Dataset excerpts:
________________

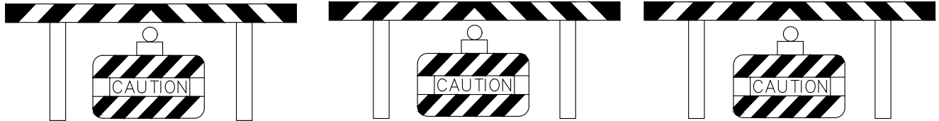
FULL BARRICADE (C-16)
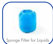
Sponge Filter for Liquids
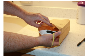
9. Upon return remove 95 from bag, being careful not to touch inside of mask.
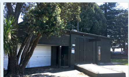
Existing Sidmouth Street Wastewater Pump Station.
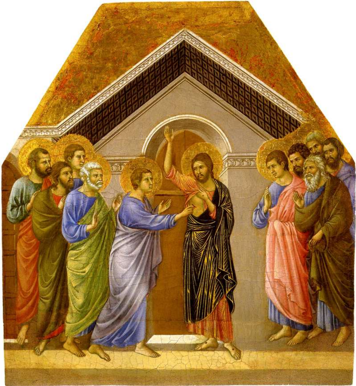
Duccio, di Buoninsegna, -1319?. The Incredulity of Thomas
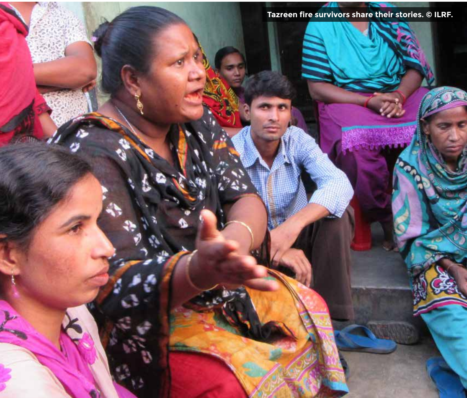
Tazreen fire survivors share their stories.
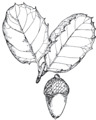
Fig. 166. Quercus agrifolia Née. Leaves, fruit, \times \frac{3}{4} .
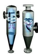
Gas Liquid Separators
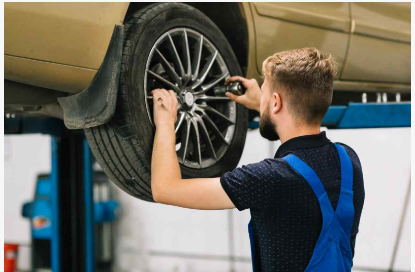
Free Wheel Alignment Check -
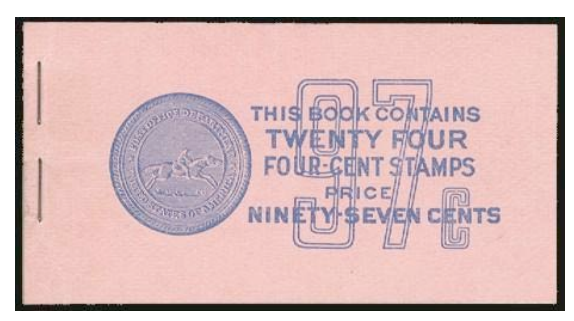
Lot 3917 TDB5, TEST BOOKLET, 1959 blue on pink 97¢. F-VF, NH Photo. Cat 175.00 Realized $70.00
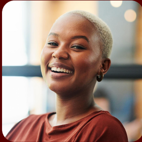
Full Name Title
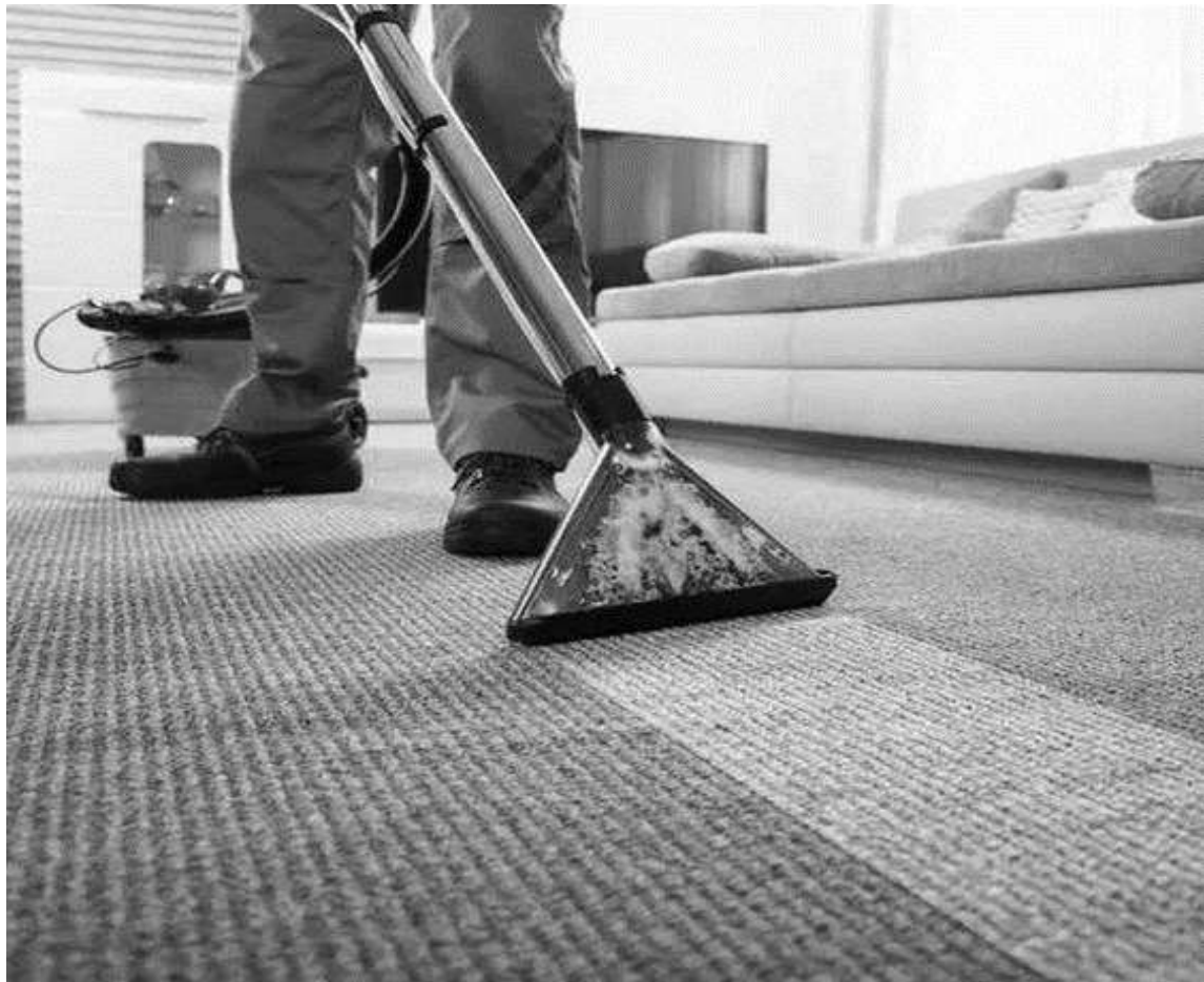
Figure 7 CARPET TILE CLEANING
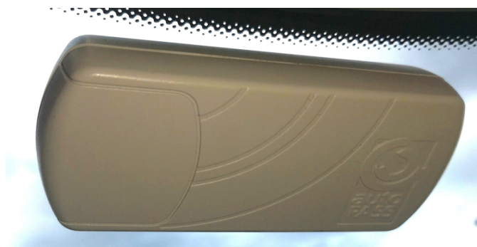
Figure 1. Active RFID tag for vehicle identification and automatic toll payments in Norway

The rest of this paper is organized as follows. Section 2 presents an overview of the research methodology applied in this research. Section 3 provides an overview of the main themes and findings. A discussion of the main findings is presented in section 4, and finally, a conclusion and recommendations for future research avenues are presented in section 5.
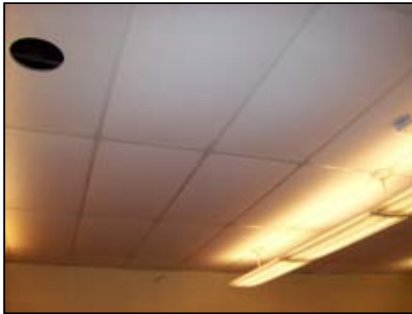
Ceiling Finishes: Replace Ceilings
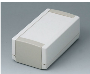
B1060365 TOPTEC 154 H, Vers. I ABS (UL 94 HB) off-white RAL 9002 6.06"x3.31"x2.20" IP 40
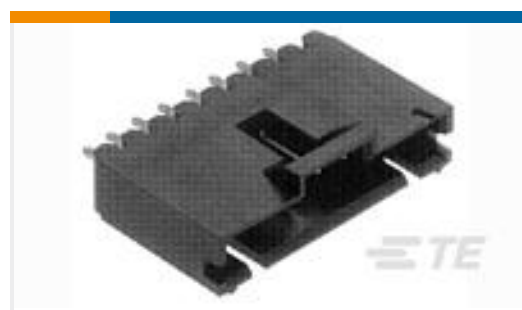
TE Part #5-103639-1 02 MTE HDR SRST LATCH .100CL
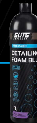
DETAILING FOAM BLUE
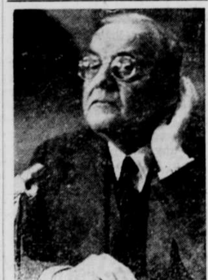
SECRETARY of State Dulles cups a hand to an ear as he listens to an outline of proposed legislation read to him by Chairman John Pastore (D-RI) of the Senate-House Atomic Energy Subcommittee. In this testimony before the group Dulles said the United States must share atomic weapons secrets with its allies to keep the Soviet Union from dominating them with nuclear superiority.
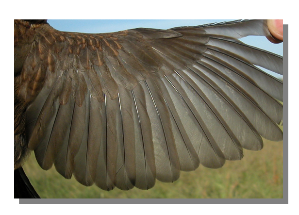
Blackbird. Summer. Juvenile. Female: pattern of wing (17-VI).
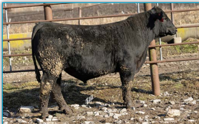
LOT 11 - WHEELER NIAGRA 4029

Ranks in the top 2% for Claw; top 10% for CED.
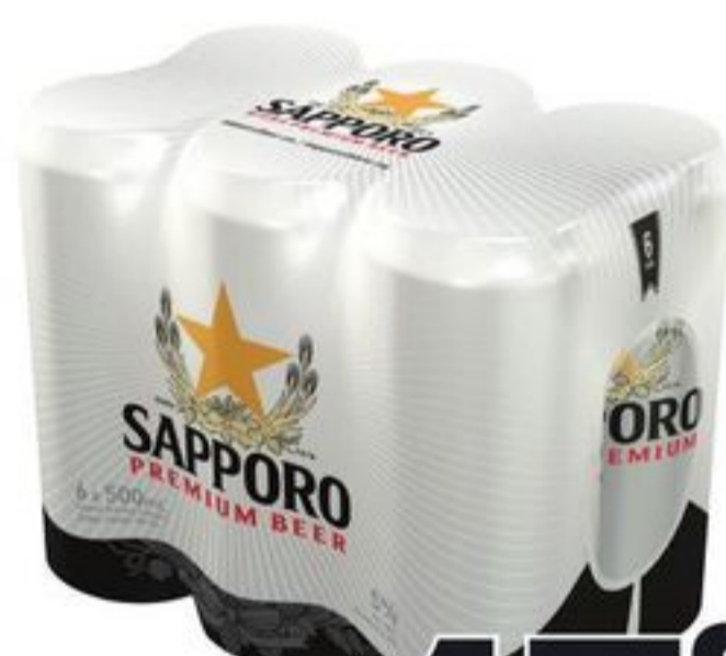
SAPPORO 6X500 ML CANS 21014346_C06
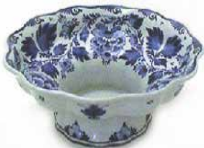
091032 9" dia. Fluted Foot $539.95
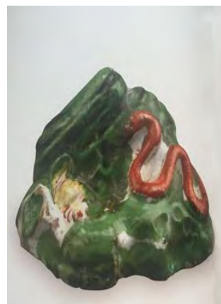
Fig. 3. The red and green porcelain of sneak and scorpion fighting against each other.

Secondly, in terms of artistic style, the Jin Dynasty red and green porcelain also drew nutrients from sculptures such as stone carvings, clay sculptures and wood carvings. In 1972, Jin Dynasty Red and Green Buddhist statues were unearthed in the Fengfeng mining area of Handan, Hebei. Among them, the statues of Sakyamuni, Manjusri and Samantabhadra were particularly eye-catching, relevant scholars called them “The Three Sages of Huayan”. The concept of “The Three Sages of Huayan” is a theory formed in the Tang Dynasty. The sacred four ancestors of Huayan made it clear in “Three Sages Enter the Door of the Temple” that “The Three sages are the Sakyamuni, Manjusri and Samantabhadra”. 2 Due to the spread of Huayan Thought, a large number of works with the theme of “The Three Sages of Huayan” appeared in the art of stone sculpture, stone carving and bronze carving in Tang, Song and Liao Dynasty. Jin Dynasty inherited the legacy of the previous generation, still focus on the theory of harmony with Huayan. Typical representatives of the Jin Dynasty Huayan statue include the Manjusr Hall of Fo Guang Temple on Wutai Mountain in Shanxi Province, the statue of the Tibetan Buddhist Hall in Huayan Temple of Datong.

________________

• **Instructions for the task**: The reply should hold exactly the lines above, starting at the line with "Blackbird. Summer. Juvenile." and ending at the line with "Fig. 3. The", and no pictures.

• **Exercise solution**:
Blackbird. Summer. Juvenile. Female: pattern of wing (17-VI).
LOT 11 - WHEELER NIAGRA 4029

Ranks in the top 2% for Claw; top 10% for CED.
SAPPORO 6X500 ML CANS 21014346_C06
091032 9" dia. Fluted Foot $539.95
Fig. 3. The red and green porcelain of sneak and scorpion fighting against each other.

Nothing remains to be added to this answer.